Glacial movement tens of thousands of years ago formed the coasts of what are now Vancouver Island, British Columbia and Alaska. They are filled with inlets, peninsulas, and numerous small islands. Charting even a small portion takes time and patience – it took many years of expeditions under the flags of several nations to take measurements and create charts of the Pacific Northwest.
Charts were created with the process of hydrographic survey. Running surveys could be carried out from the ship. Using nautical navigational instruments like the chronometer and the sextant to determine a global position, navigational officers kept careful records of the ship’s course and speed so they knew their relative location when they took their bearings on the features of the coastline. By taking one bearing on a feature as they approached it and another as they left it behind, they could plot lines that crossed and fixed the position of that point of land. Land-based surveys could be carried out with greater detail and accuracy, using distance measurements and geometry. A chain was used to measure out a baseline of a known length. Angles were measured from each end of the chain to a large number of different points along the coast, and triangulation could be used to set out further baselines, extending the survey.
A process known as sounding measured the depth of the water by lowering a lead-weighted sounding line into the ocean. The line was marked in fathoms, a measurement equal to 1.83 metres. Sounding was often carried out from small boats that rowed in a straight line between two survey points. Smaller vessels were better suited to survey work, and the primary survey ship was often the smallest of the two or three sailing as part of an expedition. Greater manoeuvrability allowed vessels like schooners to take the narrow inland passes and tack into the wind for circumnavigation of small islands.
Although many expeditions produced rough maps at sea, at the end of the voyage, the captain handed over the hydrographic survey team’s notes, observations, and sketches of the coastline to a cartographer for the creation of the actual chart. Mistakes in measurements and positioning often resulted in errors in the early charts of 18th century expeditions to the Pacific Northwest, but these were corrected over time. The Spanish were often prevented by their government from publishing hydrographic information that could be used by other explorers. Cooperation among expeditions, however, produced higher quality charts in a shorter period of time. For example, Captain Vancouver, sailing on behalf of Britain, and Captains Galiano and Valdés, sailing on behalf of Spain, cooperated in their survey of Desolation Sound and the passage between the mainland and Vancouver Island.
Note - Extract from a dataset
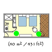 The Inca is the closest Tower to the Beach and Ocean, this is typical Studio room. These picture were taken of a 5th floor Studio. The first digit of the number indicating the floor level.. Access to the Inca Studios is left off the elevator or stairs. These suites are maintained daily by the excellent Inn’s staff. There is free WIFI Internet in each room.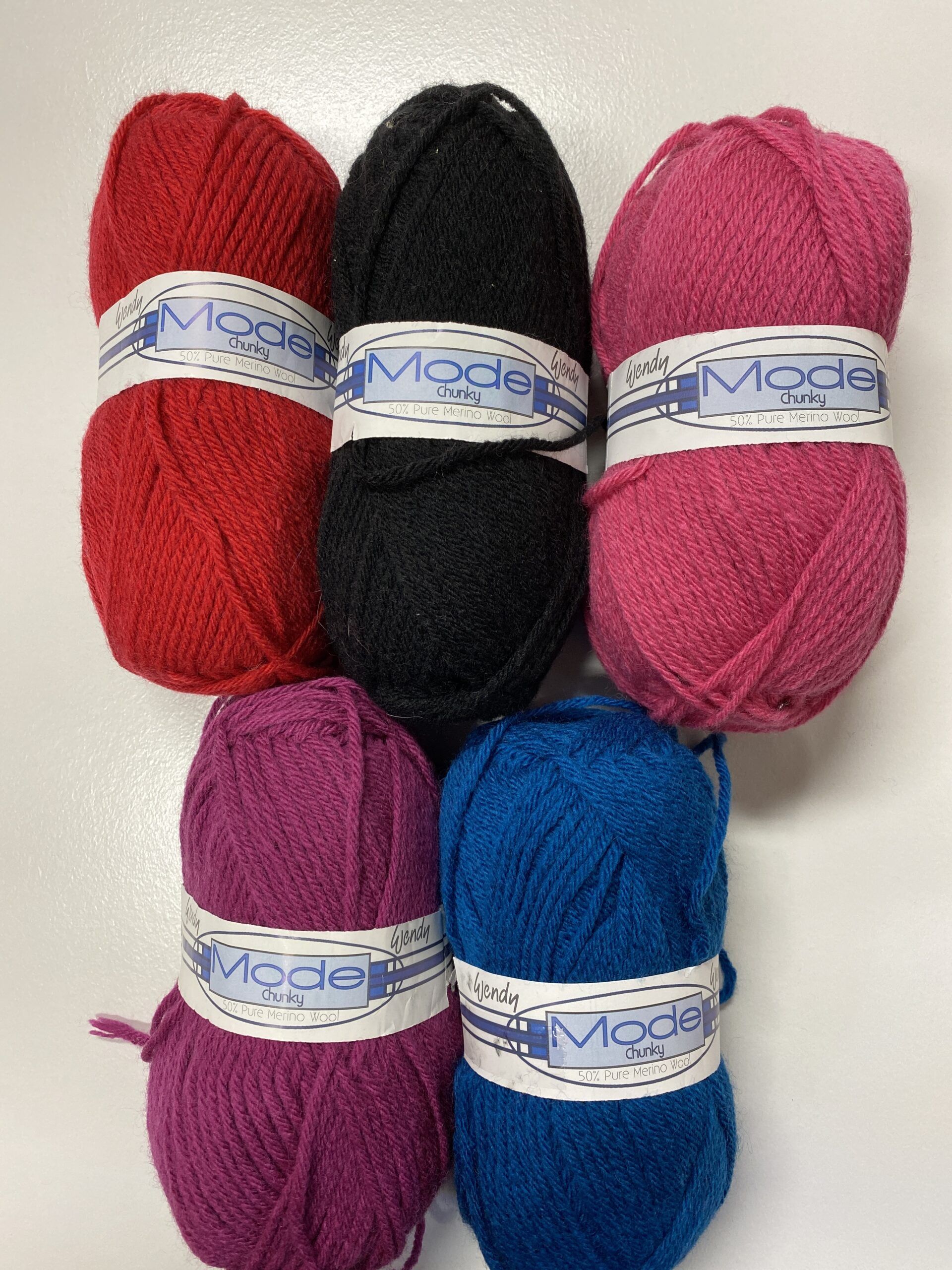 | Wendy Mode Chunky | red 210, Pink 208, 213 Teal, 220 Black, 209 Cerise |

Access to nautical information in the form of one-of-a-kind, hand-drawn charts, notes, and drawings was limited until engravings of charts were printed with presses that allowed for widespread distribution. When Vancouver returned from his voyage to the Pacific Northwest in 1795, he gathered his surveys, along with those of Spanish and Russian expeditions to areas he had not visited, in order to publish an atlas of the region. It remained the most important source for navigators to the remote regions of the coast through much of the 19th century.